Renters are lost in our housing crisis. They are unable to afford their own home but are unlikely to qualify for social housing. They face paying rents that on average take 41% of their household income, compared with homeowners, who pay 19% of their income on mortgage payments. How can a private renter ever be expected to afford their own home? Extortionate costs have left almost two-thirds of private renters without savings or investment, them precariously close to homelessness if rents continue to rise. It is no wonder that private renters are now the biggest group being made homeless, with one in three homeless cases involving a tenant at the end of their tenancy.

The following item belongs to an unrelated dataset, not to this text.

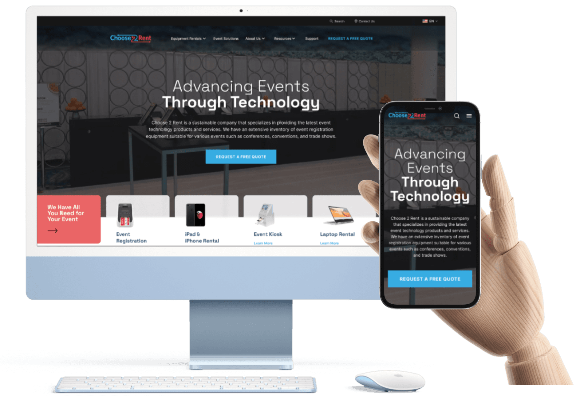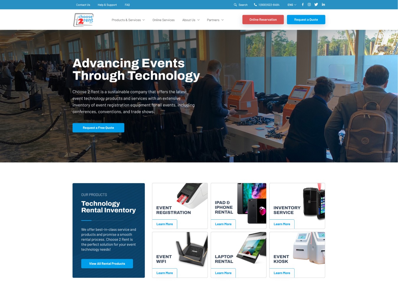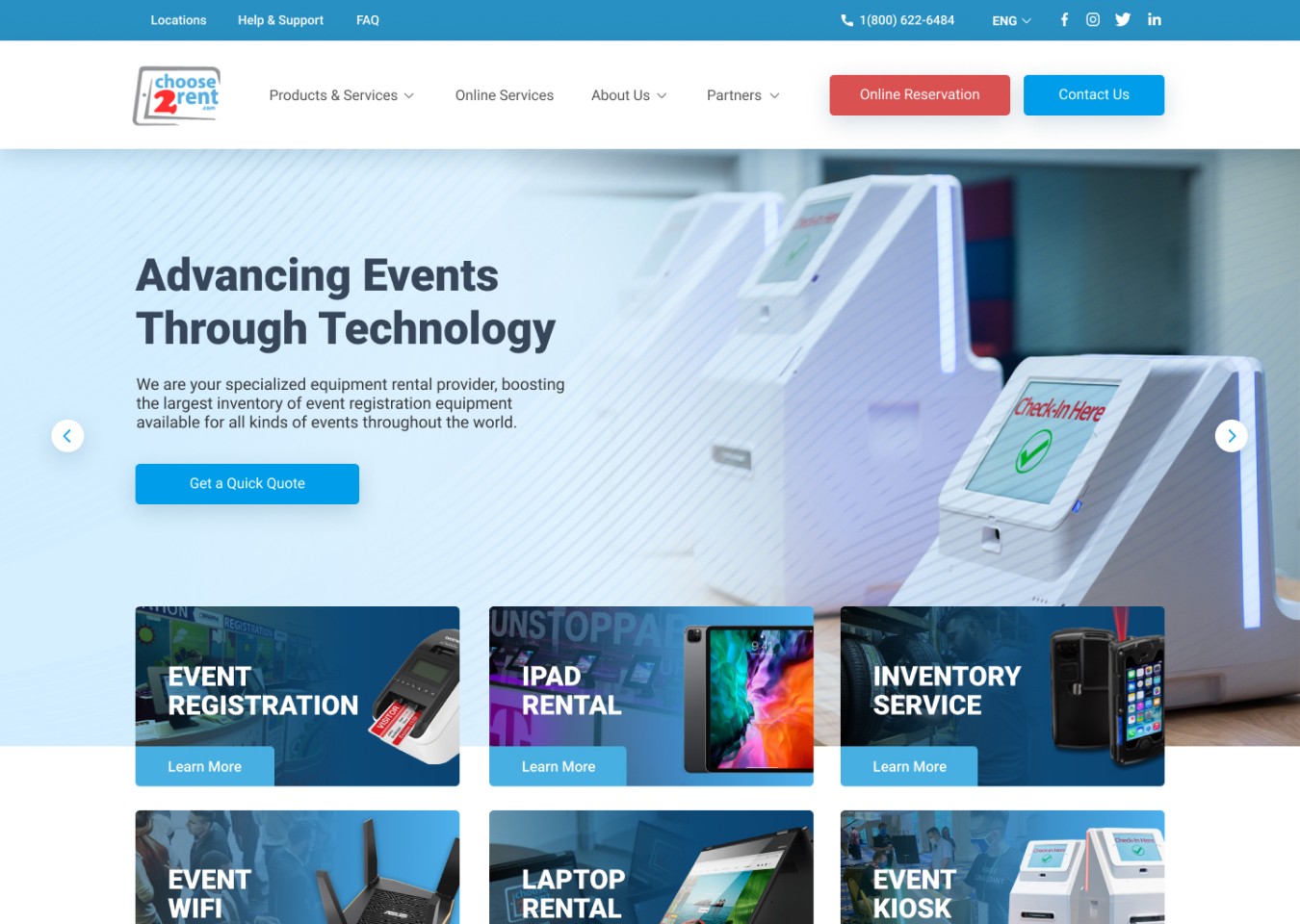 Choose2Rent es una empresa que se especializa en ofrecer soluciones tecnológicas para eventos, con un amplio catálogo de productos y servicios en alquiler para agilizar el proceso de registro y check-in de los asistentes, para cualquier tipo de evento ya sea una conferencia, convención o feria.

I hold my advice surgery every Friday and the biggest group of people who come to me because they are threatened with homelessness are mature families with three or four children, and they have lived in their private rented home for 10 or 15 years and never miss their rent. They have done nothing; they come to me because of the fact that their landlords can receive higher rents by renting to people who are not even partially on housing benefit. When my mum and dad came to London, they regularly saw signs in the windows saying, “No blacks, no Irish, no dogs”. Today the equivalent signs say, “No one on housing benefit or universal credit”.
Considering the extraordinary costs, it is unforgiveable that almost a third of private rented homes in England fail basic health and safety standards. In fact, a private landlord is more than twice as likely as a social landlord to be renting out a property containing a serious safety hazard. But tenants are petrified of voicing their concerns, with 820 renters per day in 2014 being threatened with eviction for highlighting poor conditions in their home. Councils have the power to fine failing landlords but are strapped for cash themselves and simply cannot afford to enforce the regulations. Next month, the Government’s register of rogue landlords will become active, but unless tenants can access the register it will be worthless to them.
After hearing these statistics, few will be surprised to hear that the level of home ownership in Britain is at its lowest since 1985. When I became an MP in 1997, homeowners could expect to pay just over three and a half times their annual earnings to buy a house; now, it is over nine times. Newly built houses are out of reach for 83% of working private renting families and the vast majority of those families are simply unable to afford a home of their own.
Does my hon. Friend also agree that this problem is also an outer London problem? It used to be the kind of thing that was associated with inner cities. In my constituency of Ealing Central and Acton, 34.4% of people are in private rented properties, compared with 16% nationally. We have a landlord register, which is a good idea. Does she agree?
I totally agree with my hon. Friend. We both represent outer London constituencies and we are seeing rents that are completely unimaginable. I was looking for a home for a constituent who had to leave her previous home in shocking circumstances. We spoke to a very good local landlord, who told me that a one-bedroom flat in the street I was born and brought up in and where my 93-year-old mother still lives would cost £1,250 per calendar month. My constituent is a young woman who has a good job as a civil servant—she works very close to where we are now—but there is no prospect of her having access to such a home.
For those who cannot afford private rents, nearly 76,000 households are now in temporary accommodation, while not a single starter home has been built since the Government announced their flagship programme three years ago. Our housing market is broken. The lack of housing supply is at the heart of our housing problems, from homelessness to falling home ownership and soaring house prices.